Employee Reimbursement
Employers are advised to reimburse employees for all costs associated with at-home COVID-19 screenings. Under California Labor Code section 2802, employers must reimburse employees for all monies that they necessarily expend or lose, directly related to performing their duties or following employers’ directions. This means, that employers who require home temperature checks and the use of PPE in the office, must reimburse employees for thermometers and/or PPE.
Reducing Employee Pay for Exempt Employees
Yet another unsurprising consequence of business closures and wide-ranging stay at-home orders, is reduced business revenue. Naturally, reduced business revenue leads to business closures, reduction of employment workforce, and/or pay reduction. For employers wanting to avoid layoffs, pay reduction is the most appealing option. How pay reduction is accomplished depends on the employees’ classification: exempt (salaried) versus non-exempt (hourly).

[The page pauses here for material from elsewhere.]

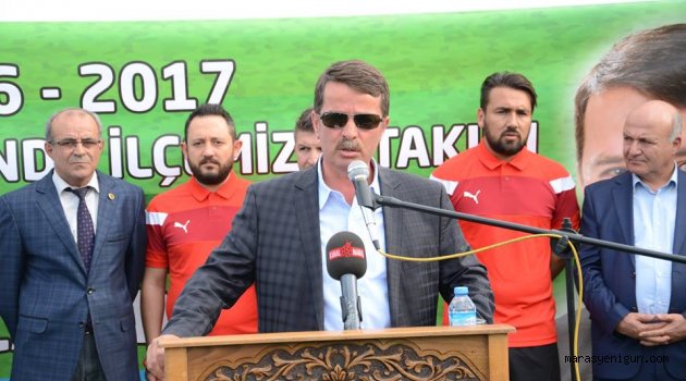 \r\n\r\nTürkoğlu Belediye Başkanı Osman Okumuş, Türkoğlu Belediye Sporun açılışındaki yaptığı konuşmada ; 2016- 2017 Amatör ligi sezon açılışını hepiniz hoş geldiniz şeref verdiniz.\r\n\r\nDeğerli misafirler Türkoğlu, Kahramanmaraş’ımızın parlayan yıldızlarından bir tanesi, belediyemizin her alanda yaptığı çalışmalarla göz dolduruyor, biz bu çalışmaların yanında daha önceden de aşina olduğumuz futbolla bu yıl inşallah güzel bir yerlere gelmek için start verdik. Hedefimiz bal ligi. Beyoğlu Belediye Başkanı iken amatör ligde hem de bal liginde mücadele vermiştik. Ama Türkoğlu’ndaki hizmetlerin aksamaması için iki yıllık aradan sonra futbolumuza tekrar döndük. Bu vesile ile bütün mesai arkadaşlarım ve ekibimizle gurur duyucu imzalar atıyoruz. Şuanda Türkoğlu yeni belediye binasıyla yaptığı parklarla, mahallelerdeki yollarla, Kahramanmaraş’ımızın ikinci büyük camisiyle eğitim kampüsüyle, 75 yataklı hastanesiyle, Türkiye’nin en büyük lojistik merkeziyle, 200 konutluk TOKİ yatırımlarıyla, 5000 kişilik cezaeviyle, Organize Sanayi Bölgesiyle ve sayamadığımız birçok yatırımlarıyla birlikte bir milyar tl ye yakın yatırımlar mevcut. Bu yükselişi inşallah sporla da taçlandırmak istiyoruz, diyerek konuşana başkan ‘Okumuş’ konuşmasına şu sözlerle devam etti.\r\n\r\nENGÜZEL SPOR TESİSİNİ İLÇEMİZE YAPACAĞIZ DİYE SÖZ VERMİŞTİK.\r\n\r\nDaha önce 27 dönümlük Beyoğlu Spor tesislerini 2007 yılında hizmete açmıştık. Biz Türkoğlu’na gelip aday olduğumuzda Beyoğlu’ndan daha güzel bir spor tesisini Türkoğlu’na kazandırmak için söz vermiştik. Şuanda içinde bulunduğunuz Futbol sahası daha önceden yapılan kapalı spor salonu, Büyükşehir Belediye Başkanımızın yaptırdığı tenis kordu, Ramazan ayının birinci günü açtığımız aqua parklı yüzme havuzu ile birlikte inşallah Türkoğlu’ndaki gençlerimizin sporu daha çok sevmesi, zararlı alışkanlıklardan daha fazla uzaklaşması için vesile olacak. Kılılı Mahallesindeki Futbol sahamızı spor il müdürümüzle birlikte protokol gereği inşallah iki aya kadar biteceğiz. Şekeroba Belediyemizede Beyoğlu’ndaki spor tesisleri gibi, buradaki spor tesisleri gibi inşallah bu kış başlayıp, o tesisleri de bitirdiğimiz takdirde belki de Kahramanmaraş’ımızın içerisinden daha fazla futbol sahasına kavuşmuş olacağız. Amacımız sadece futbol değil bütün branşlarda sporcularımızı, gençlerimizi desteklemektir.\r\n\r\nBen bu vesile ile bu sezon mücadele verecek bütün futbolcu arkadaşlarıma başarılar diliyorum. Özellikle futbol hocamıza ekibine başarılar diliyorum, dedi.\r\n\r\nTören sonunda Kaymakam Serdar Kartal, Belediye Başkanı Osman Okumuş gazetecilerle kaleye penaltı atışı gerçekleştirdiler. \r\n\r\nAçılışa, Türkoğlu Kaymakamı Serdar Kartal, Türkoğlu Belediye Başkanı Osman Okumuş, İl Spor Müdürü Ali İhsan Kabakçı,İl Tertip Komitesi Başkanı Ali Kazancı, AKSF Başkanı Ergün Ünal, Hakem Kurulu Başkanı Veli Ünlü, Türkoğlu Belediye Spor Futbolcuları ve vatandaşlar katıldı.\r\n\r\n \r\n
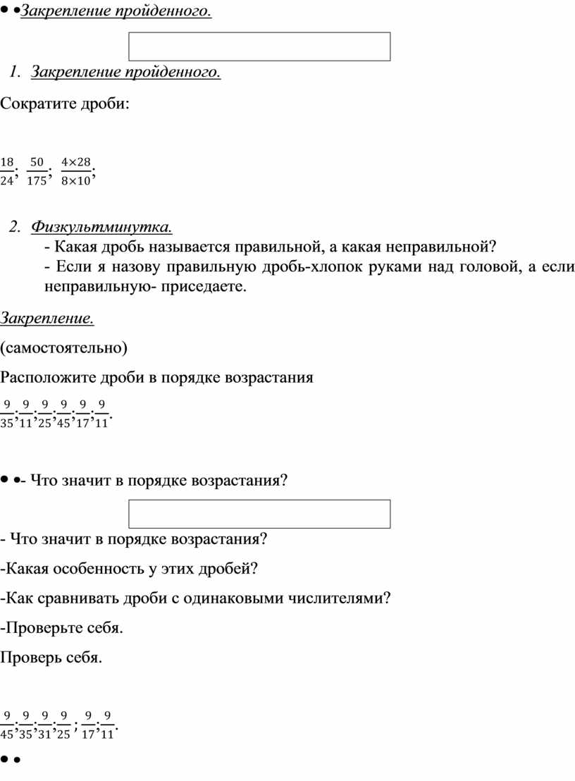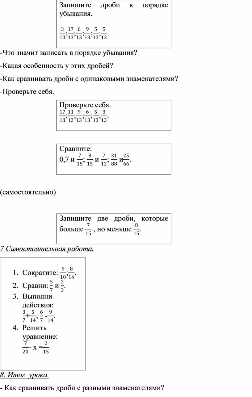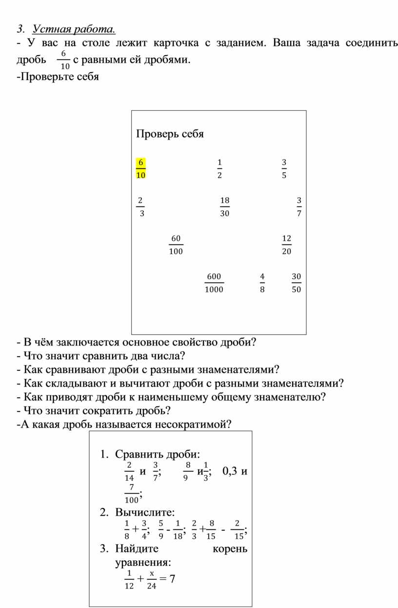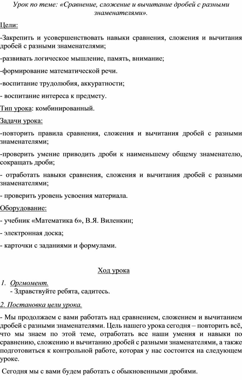 Урок по теме: «Сравнение, сложение и вычитание дробей с разными знаменателями».

As long as employees’ wages are not reduced below minimum wage, reducing non-exempt employees’ salary is fairly easy with sufficient advance notice. For exempt employees, it is more complicated.
In California, if an employer has 26 or more employees, the state minimum wage is $13.00 as of January 1, 2020. However, the minimum wage will increase to $14.00 per hour on January 1, 2021. Therefore, each employer must ensure it is meeting its state’s minimum wage requirements when making pay reduction decisions.
With regard to exempt employees, in California, to qualify as exempt, the employee must earn a monthly salary equivalent to no less than two times the state minimum wage for full-time employment (otherwise known as the “salary basis test”). Therefore, although an employer can reduce employee salaries, there is a floor based on the applicable minimum wage. Based on the $13.00 per hour California minimum wage, this means that the an employee’s salary cannot drop below $4,506.67 per month or $54,080 per year for 2020. Starting January 1, 2021, salaries cannot drop below $4,853.33 per month, or $58,240 per year.
The employee must also meet the strict job duties tests particular to each exemption. Usually, an employee will satisfy the strict job duties test if the employee’s primary duties consist of administrative, executive, or professional tasks; and, the employee’s job duties involve the use of discretion and independent judgment. It is important to note that some professions have different exemption requirements. Employers are advised to consult state laws specific to the employee’s profession.
It is also advisable that the employer provide advance notice of the pay reduction—employers should consult state and local law regarding applicable notification requirements. The employer should also advise all salaried employees impacted by the pay reduction that their duties will not change and they will continue to be primarily engaged in duties that meet the test of the exemption. If the employer plans to reduce an exempt employee’s salary and change the duties, the employer should consult legal counsel to ensure the positon still meets the strict duties test in California or other applicable states.